An exact reproduction is required of the lines from the beginning of the entries through the line with "3.5. Vegetation Indexes", pictures excluded and nothing added.

(Dataset entries)
=-=-=

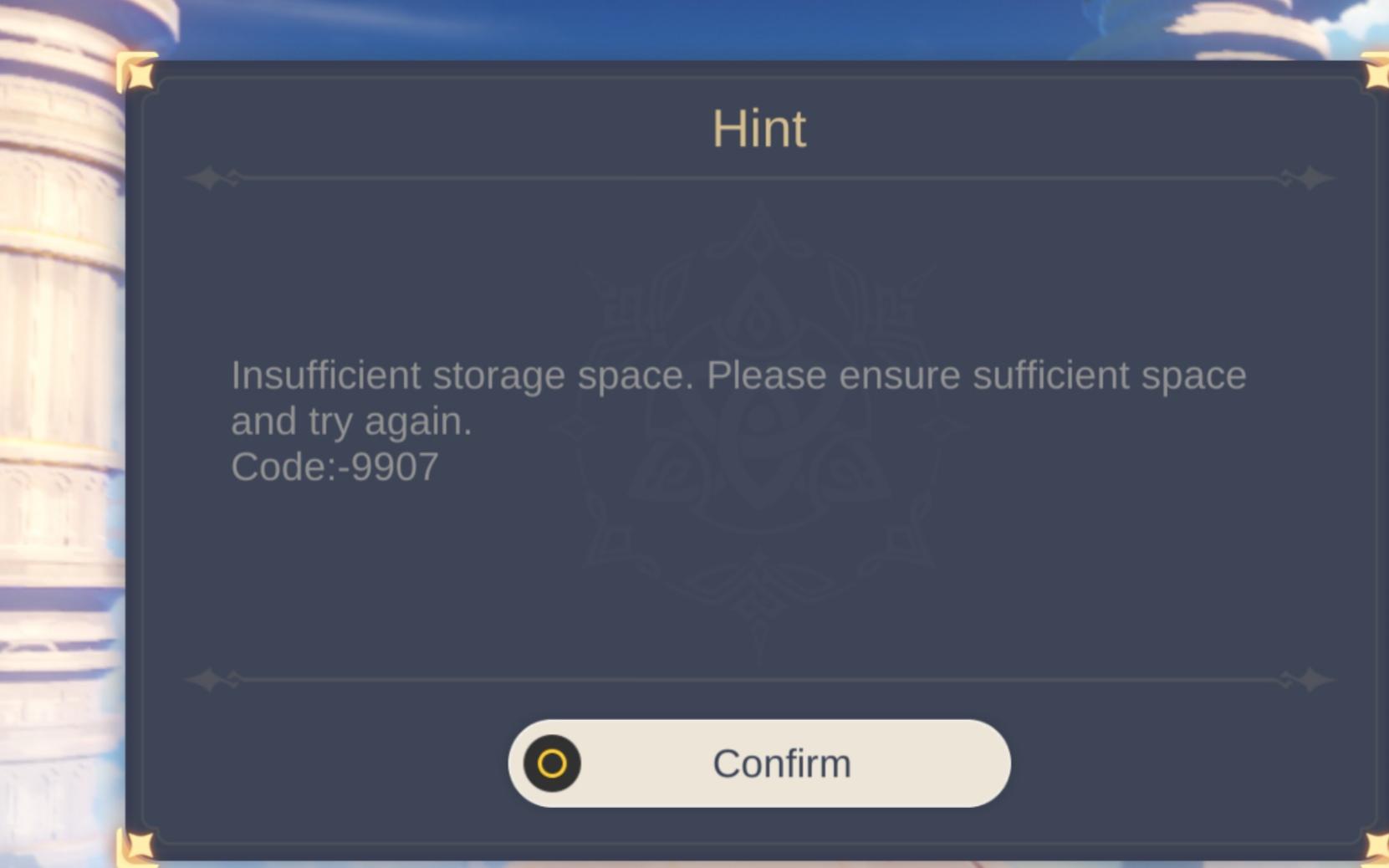 This means that the device that you are playing genshin impact on does not have enough memory in its system storage and that. Solutions to create more storage space and beating error code 9907 for playing genshin impact. If none of this is working, you. Not an expert, just guessing. Is your sd set up as internal storage?
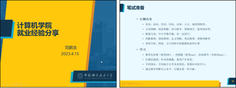 知识与数据工程实验室的范鹏浩学长侧重国企和选调的方面的经验分享,囊括自身在多类国企和近10省选调的求职历程。范学长细致地介绍了如何选择、求职适合的国企以及如何准备选调前的材料、笔试和面试。学长建议同学们求职中要大胆尝试,慎重选择,放平心态面对考核。
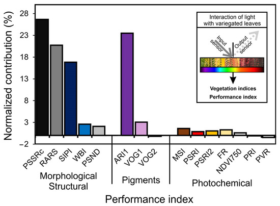 3.5. Vegetation Indexes and Putative Contribution for Biophysical, Biochemical, and Photochemical Parameters for Variegated Leaves
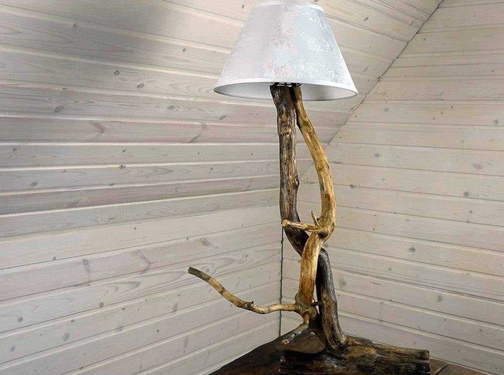Прутьями дерева украшаются осветительные приборы и люстра. Такой декор интерьера будет оригинально смотреться в спальне. Прутьями оформляется основание прикроватных ламп, торшер или люстра. Процесс декорирования стандартный. Веточки крепятся на торшер и помощью клея или проволки.
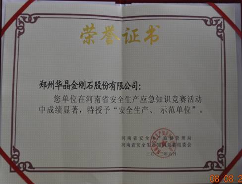 近日,鄭州華晶金剛石股份有限公司為認真落實《河南省人民政府關于加強安全生產應急管理工作的意見》(豫政〔2012〕55號),進一步增強公司安全生產意識,提高廣大職工群眾防災抗災能力,公司組織參加了河南省安全生產監督管理局和河南法制報社舉辦的以“普及應急知識,提高應急能力”為主題的第二屆河南省安全生產應急知識競賽活動。經周密組織,認真實施,華晶公司在競賽活動中成績顯著,被河南省安全生產監督管理局、河南省安全生產知識競賽組委會授予“安全生產示范單位”榮譽稱號。

=-=-=

— Exercise answer —
 This means that the device that you are playing genshin impact on does not have enough memory in its system storage and that. Solutions to create more storage space and beating error code 9907 for playing genshin impact. If none of this is working, you. Not an expert, just guessing. Is your sd set up as internal storage?
 知识与数据工程实验室的范鹏浩学长侧重国企和选调的方面的经验分享,囊括自身在多类国企和近10省选调的求职历程。范学长细致地介绍了如何选择、求职适合的国企以及如何准备选调前的材料、笔试和面试。学长建议同学们求职中要大胆尝试,慎重选择,放平心态面对考核。
 3.5. Vegetation Indexes and Putative Contribution for Biophysical, Biochemical, and Photochemical Parameters for Variegated Leaves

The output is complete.